### PROVIDED DATA
▼

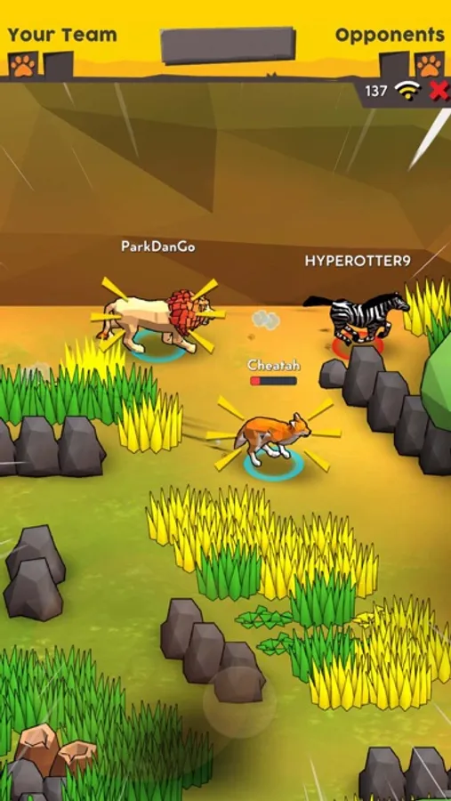 Play in multiple rounds as predator and use your stealth ability to catch the prey, or use your quickness and agility to avoid being captured as a prey. Win by filling your belly with grass from the great savanna.
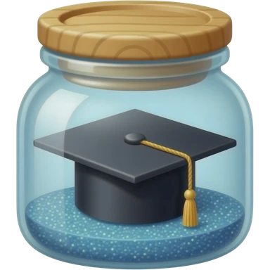 A thin glass jar with glitter inside it and a Graduation cap also inside it that it being held by a string that is attatched to the wooden cap of the jar emoji
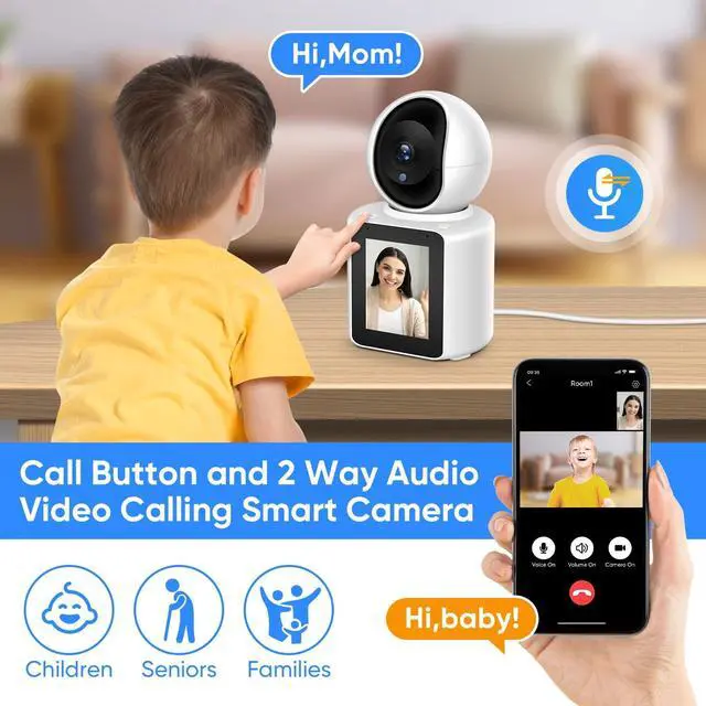 ^^ All in One Smart Video CameraThis innovative Video Calling Smart Camera is perfect for busy parents, family members on long-term business trips, and anyone who needs to take care of the elderly and children. With video calling, you can keep an eye on your family members and respond quickly to any changes or safety concerns.
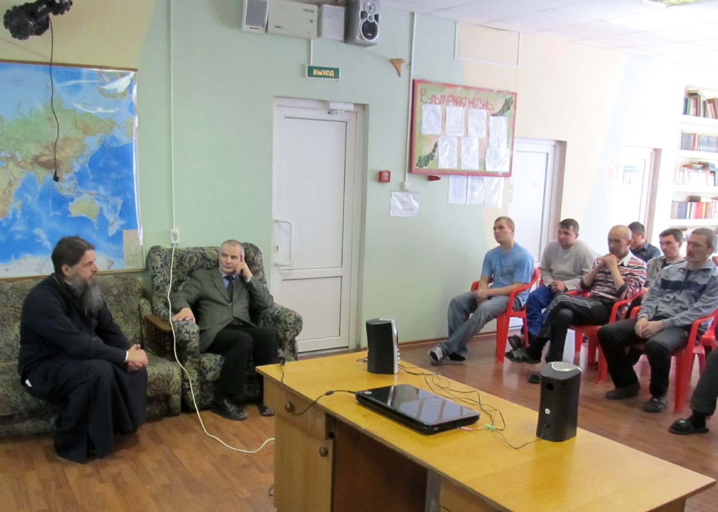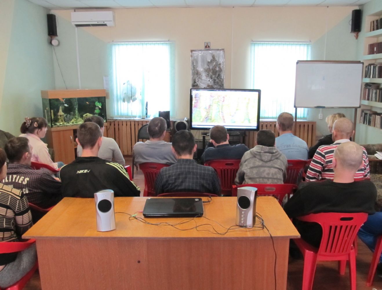 Затем в актовом зале состоялась миссионерская беседа с воспитанниками центра; был продемонстрирован фильм «Технология спаивания», повествующий о насильственной алкоголизации населения в стране.
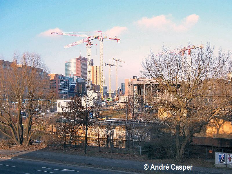 Hier die gleiche Sicht mit etwas weiter aufgezogenen Blickwinkel. Im Vordergrund die Straße Schöneberger Ufer und der Landwehrkanal, rechts die Fußgängerbrücke zwischen U-Bahnhof Mendelssohn-Bartholdy-Park und debis-Parkhaus.
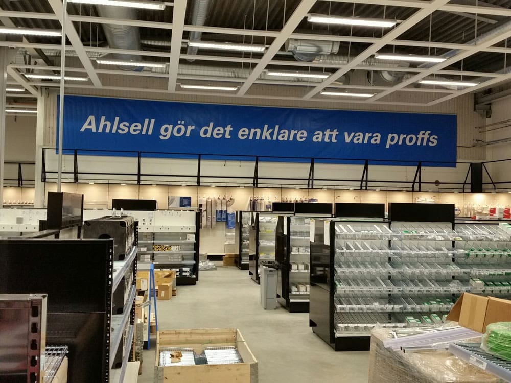 Ahlsell fortsätter sin frammarsch på att både etablera nya men även rusta upp befintliga butiker. Här kommer lite bilder som är tagna mitt under bygget av etableringen i Biskopsgården i februari. Både skyltar och vepor är framtagna och levereade av oss.
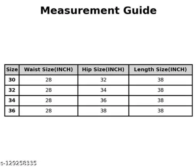 Free Size (Waist Size : 28 in, Length Size: 36 in, Hip Size: 34 in)
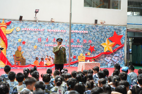 拥有三十八年军龄的天河区“红棉花开”老兵宣讲团强以文以亲身经历向孩子们讲述今日幸福生活的来之不易,勉励孩子们从小树立“不怕困难、勇于拼搏”的意志品质,立志成为民族复兴的“小小接班人”。“爷爷,在战场上您害怕吗?”“爷爷,怎样才能像您一样成为英雄?”孩子们踊跃提问,强爷爷一一耐心解答。“孩子们,战场上当然也会害怕,但如果再回到那段烽火岁月,我依然会毫不犹豫地选择穿上军装!”瞬间点燃了孩子们对英雄的崇敬之情,让红色精神在童言童语中实现跨越代际的对话与传承。
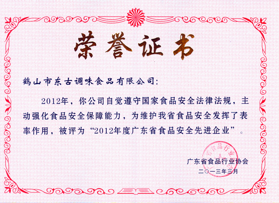 2012年度廣東省食品安全先進(jìn)企業(yè)證書
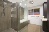 As we move through to the private areas, we find another two bedrooms, again with built in robes and fans, a large tiled main bathroom, with shower and bath, a separate toilet and a large laundry with a linen cupboard. The bedrooms and laundry have access to the outside.
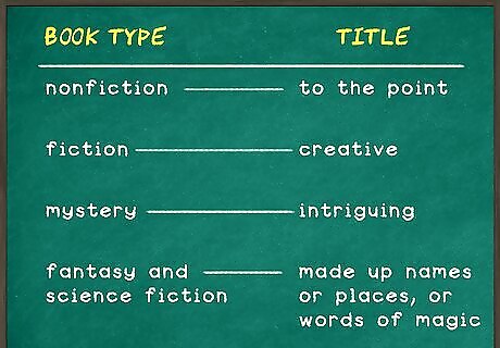 Know what kind of book you’re writing. Your title will vary depending on what kind of book you are writing. Nonfiction titles can be creative, but should be more descriptive of what the book is about. Fiction titles can be more mysterious or creative. The title is the first thing your readers will read. The title needs to give readers some idea of what’s inside the book, entice, and be informative. If you have a nonfiction book like a series of essays, or a biography, your title should be more to the point. Fiction or genre stories like horror, fantasy, science fiction, and mystery, should be creative and entice readers to want to know more, offering intrigue. Use words that are commonly associated with certain genres to start. A mystery novel could use a title like “The Mysterious Road Forks”. Readers will identify this title with mystery, unanswered questions, and a plot involving a strange road. Fantasy and science fiction titles can include made up names or places, or words of magic. “The Signal from Vandor” could be a title to a science-fiction book that tells of a strange alien signal from a far away planet named “Vandor”.
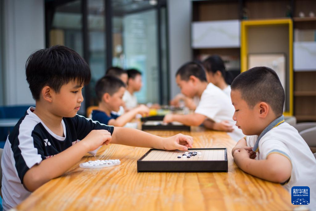 7月21日,小朋友在杭州市上城区望江街道党群服务中心下棋。
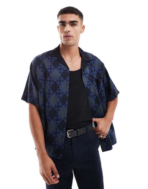 ASOS DESIGN boxy oversized revere shirt with diamond geo print in blue
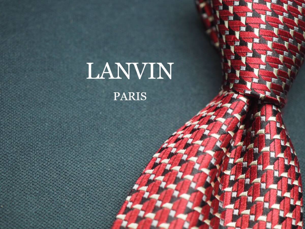 - 美品【LANVIN ランバン】 G1074 赤黒系 SILK ブランド ネクタイ 古着 良品 転売 仕入
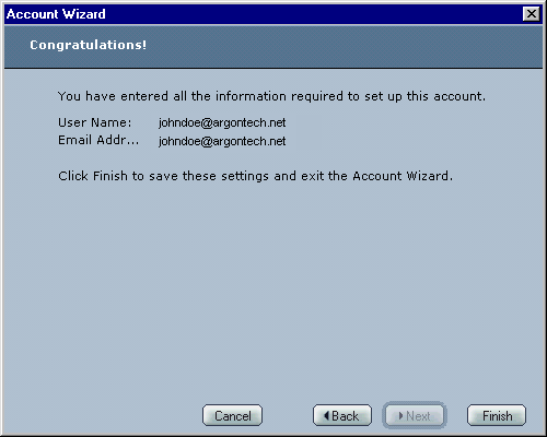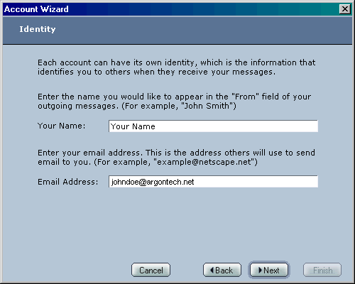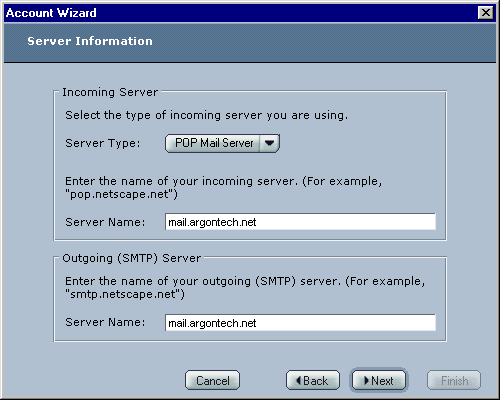 In the Incoming Server and Outgoing Server fields, type mail.argontech.net.

▲

### DIRECTIONS
Return the material from above in full, exactly as written, with the pictures omitted.

### RESULT
 Play in multiple rounds as predator and use your stealth ability to catch the prey, or use your quickness and agility to avoid being captured as a prey. Win by filling your belly with grass from the great savanna.
 A thin glass jar with glitter inside it and a Graduation cap also inside it that it being held by a string that is attatched to the wooden cap of the jar emoji
 ^^ All in One Smart Video CameraThis innovative Video Calling Smart Camera is perfect for busy parents, family members on long-term business trips, and anyone who needs to take care of the elderly and children. With video calling, you can keep an eye on your family members and respond quickly to any changes or safety concerns.
 Затем в актовом зале состоялась миссионерская беседа с воспитанниками центра; был продемонстрирован фильм «Технология спаивания», повествующий о насильственной алкоголизации населения в стране.
 Hier die gleiche Sicht mit etwas weiter aufgezogenen Blickwinkel. Im Vordergrund die Straße Schöneberger Ufer und der Landwehrkanal, rechts die Fußgängerbrücke zwischen U-Bahnhof Mendelssohn-Bartholdy-Park und debis-Parkhaus.
 Ahlsell fortsätter sin frammarsch på att både etablera nya men även rusta upp befintliga butiker. Här kommer lite bilder som är tagna mitt under bygget av etableringen i Biskopsgården i februari. Både skyltar och vepor är framtagna och levereade av oss.
 Free Size (Waist Size : 28 in, Length Size: 36 in, Hip Size: 34 in)
 拥有三十八年军龄的天河区“红棉花开”老兵宣讲团强以文以亲身经历向孩子们讲述今日幸福生活的来之不易,勉励孩子们从小树立“不怕困难、勇于拼搏”的意志品质,立志成为民族复兴的“小小接班人”。“爷爷,在战场上您害怕吗?”“爷爷,怎样才能像您一样成为英雄?”孩子们踊跃提问,强爷爷一一耐心解答。“孩子们,战场上当然也会害怕,但如果再回到那段烽火岁月,我依然会毫不犹豫地选择穿上军装!”瞬间点燃了孩子们对英雄的崇敬之情,让红色精神在童言童语中实现跨越代际的对话与传承。
 2012年度廣東省食品安全先進(jìn)企業(yè)證書
 As we move through to the private areas, we find another two bedrooms, again with built in robes and fans, a large tiled main bathroom, with shower and bath, a separate toilet and a large laundry with a linen cupboard. The bedrooms and laundry have access to the outside.
 Know what kind of book you’re writing. Your title will vary depending on what kind of book you are writing. Nonfiction titles can be creative, but should be more descriptive of what the book is about. Fiction titles can be more mysterious or creative. The title is the first thing your readers will read. The title needs to give readers some idea of what’s inside the book, entice, and be informative. If you have a nonfiction book like a series of essays, or a biography, your title should be more to the point. Fiction or genre stories like horror, fantasy, science fiction, and mystery, should be creative and entice readers to want to know more, offering intrigue. Use words that are commonly associated with certain genres to start. A mystery novel could use a title like “The Mysterious Road Forks”. Readers will identify this title with mystery, unanswered questions, and a plot involving a strange road. Fantasy and science fiction titles can include made up names or places, or words of magic. “The Signal from Vandor” could be a title to a science-fiction book that tells of a strange alien signal from a far away planet named “Vandor”.
 7月21日,小朋友在杭州市上城区望江街道党群服务中心下棋。
 ASOS DESIGN boxy oversized revere shirt with diamond geo print in blue
 - 美品【LANVIN ランバン】 G1074 赤黒系 SILK ブランド ネクタイ 古着 良品 転売 仕入
 In the Incoming Server and Outgoing Server fields, type mail.argontech.net.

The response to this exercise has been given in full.